## Work to complete
Starting at the first line of the data and ending at the line with "今回、東北6県で累計約1,0", copy each line exactly. Include both of those lines, but no pictures.

## Given material

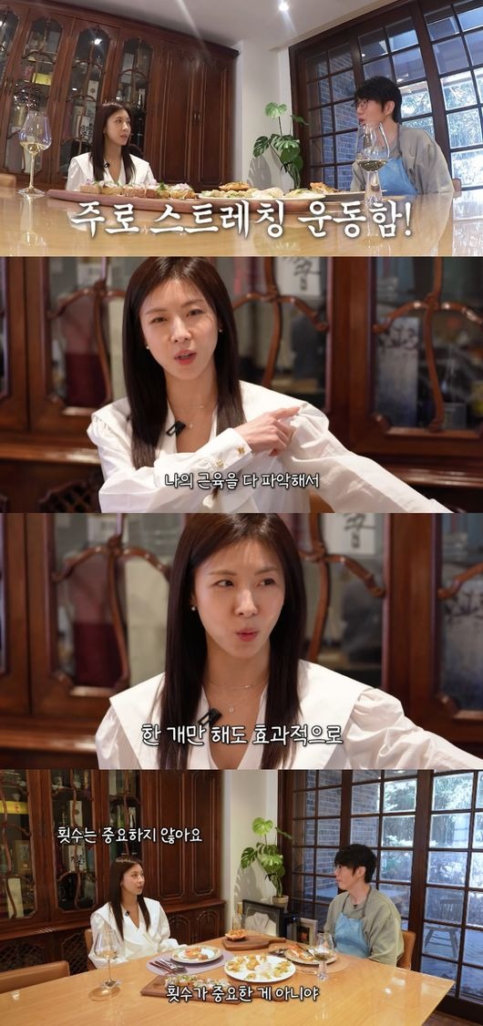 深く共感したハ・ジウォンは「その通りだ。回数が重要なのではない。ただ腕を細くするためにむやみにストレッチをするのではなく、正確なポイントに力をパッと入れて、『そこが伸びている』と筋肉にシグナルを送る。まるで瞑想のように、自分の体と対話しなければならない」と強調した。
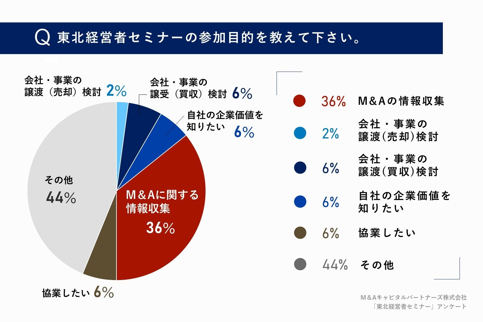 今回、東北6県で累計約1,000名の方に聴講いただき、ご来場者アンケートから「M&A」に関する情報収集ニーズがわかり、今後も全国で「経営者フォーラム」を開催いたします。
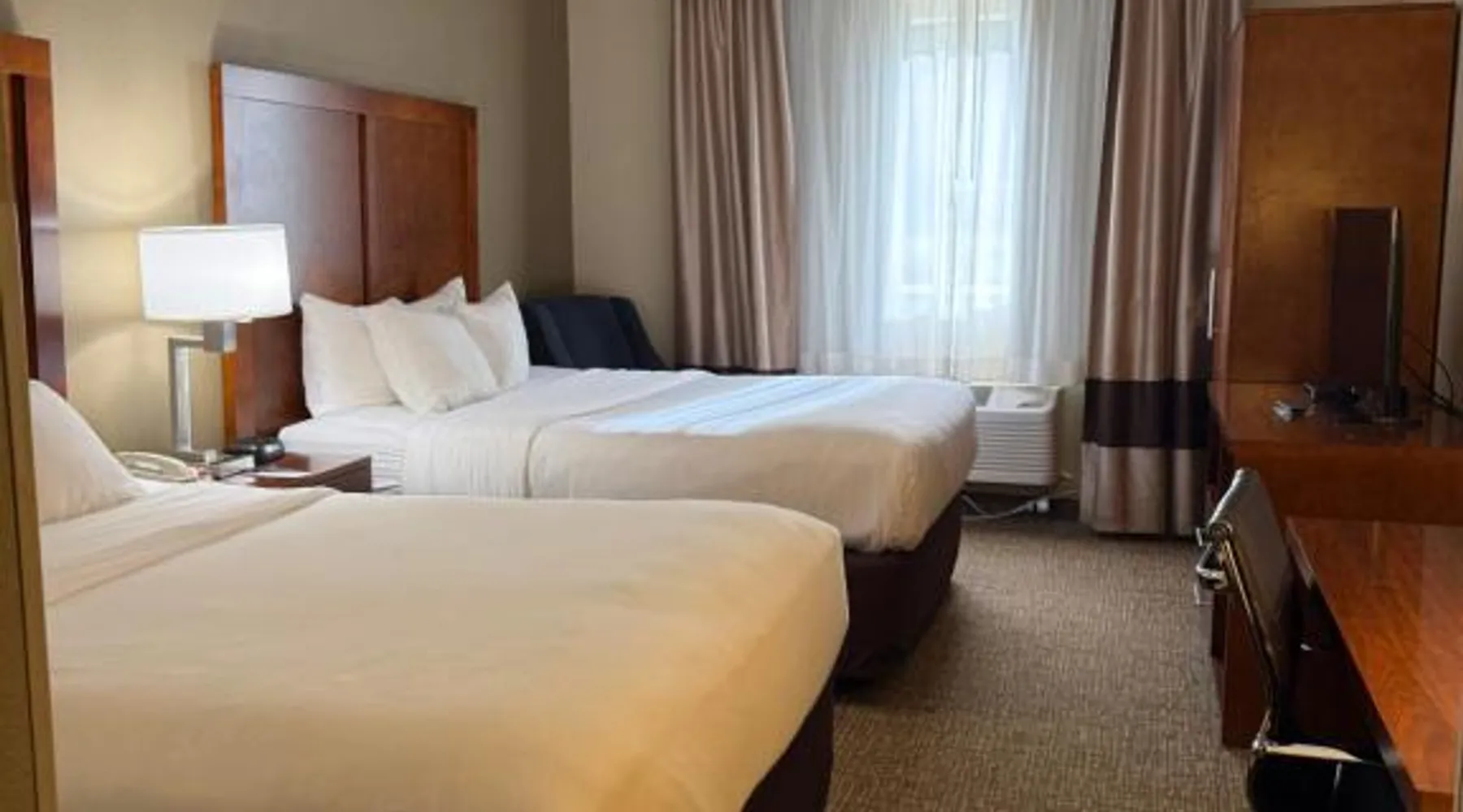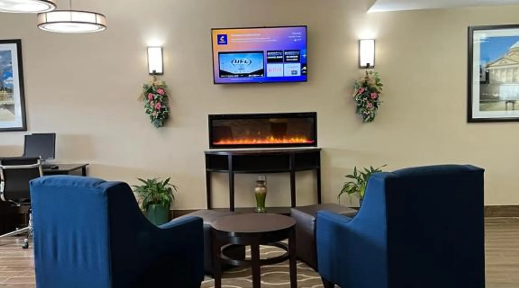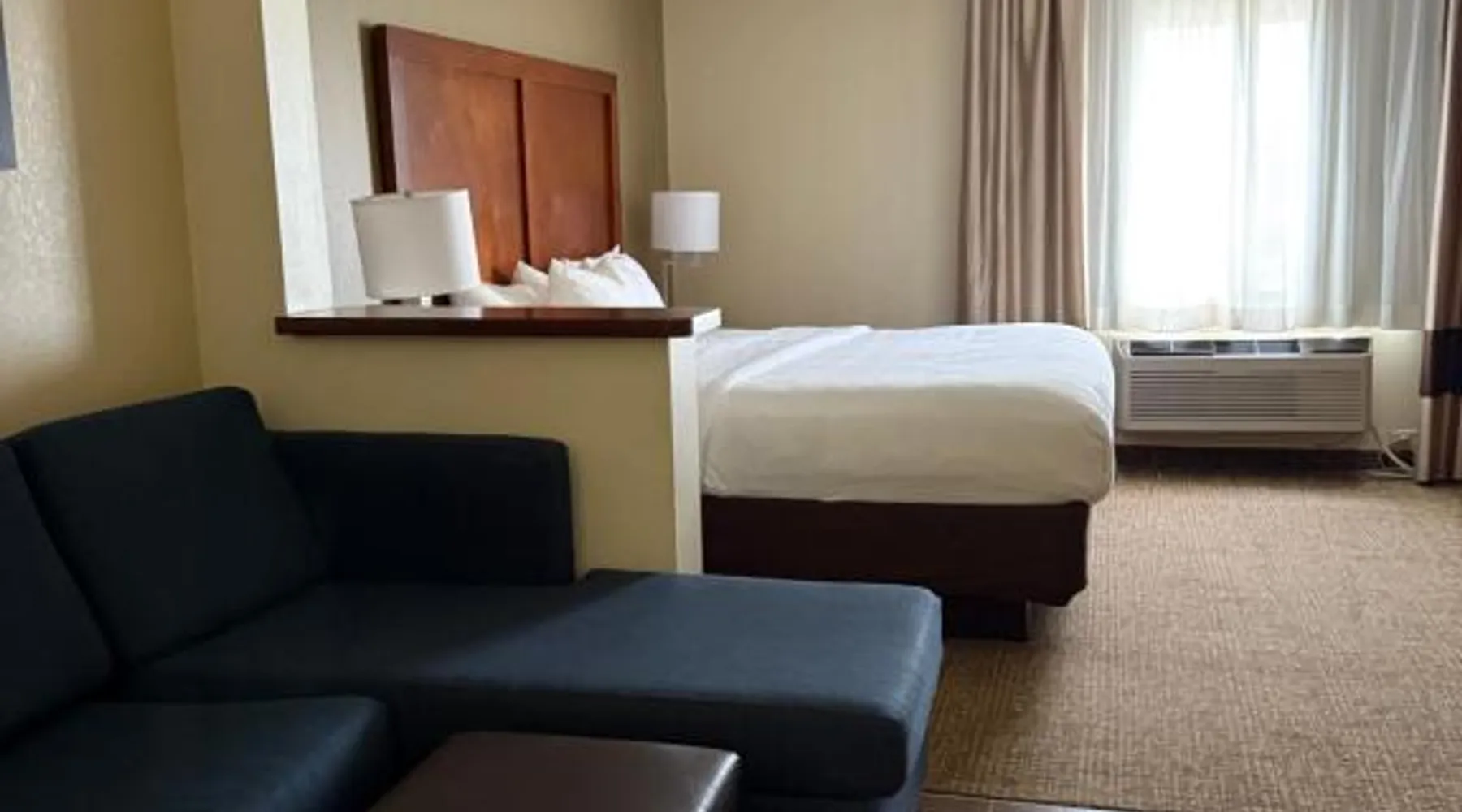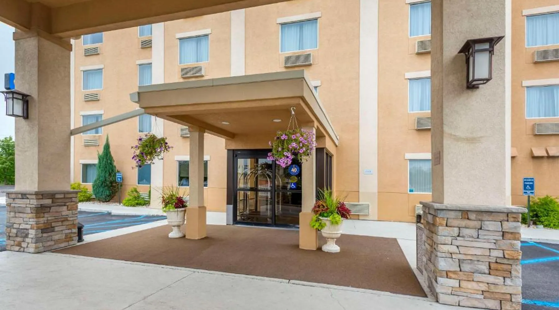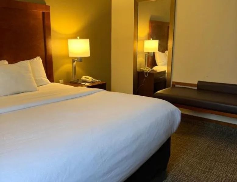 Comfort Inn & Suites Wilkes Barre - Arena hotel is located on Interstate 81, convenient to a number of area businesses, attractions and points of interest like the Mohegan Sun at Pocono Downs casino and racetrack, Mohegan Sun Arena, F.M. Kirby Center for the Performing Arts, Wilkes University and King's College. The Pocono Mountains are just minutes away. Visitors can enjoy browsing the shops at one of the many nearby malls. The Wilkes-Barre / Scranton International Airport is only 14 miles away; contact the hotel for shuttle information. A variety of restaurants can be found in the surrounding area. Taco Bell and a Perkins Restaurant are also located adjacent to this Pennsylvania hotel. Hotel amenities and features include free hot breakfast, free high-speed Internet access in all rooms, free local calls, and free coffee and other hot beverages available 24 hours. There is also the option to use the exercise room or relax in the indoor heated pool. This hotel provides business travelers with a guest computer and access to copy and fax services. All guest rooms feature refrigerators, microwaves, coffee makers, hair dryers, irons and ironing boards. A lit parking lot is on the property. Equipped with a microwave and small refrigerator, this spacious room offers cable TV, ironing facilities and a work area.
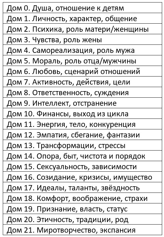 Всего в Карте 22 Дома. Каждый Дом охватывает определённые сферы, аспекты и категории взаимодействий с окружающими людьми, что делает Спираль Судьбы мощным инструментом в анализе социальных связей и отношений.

## Response
 深く共感したハ・ジウォンは「その通りだ。回数が重要なのではない。ただ腕を細くするためにむやみにストレッチをするのではなく、正確なポイントに力をパッと入れて、『そこが伸びている』と筋肉にシグナルを送る。まるで瞑想のように、自分の体と対話しなければならない」と強調した。
 今回、東北6県で累計約1,000名の方に聴講いただき、ご来場者アンケートから「M&A」に関する情報収集ニーズがわかり、今後も全国で「経営者フォーラム」を開催いたします。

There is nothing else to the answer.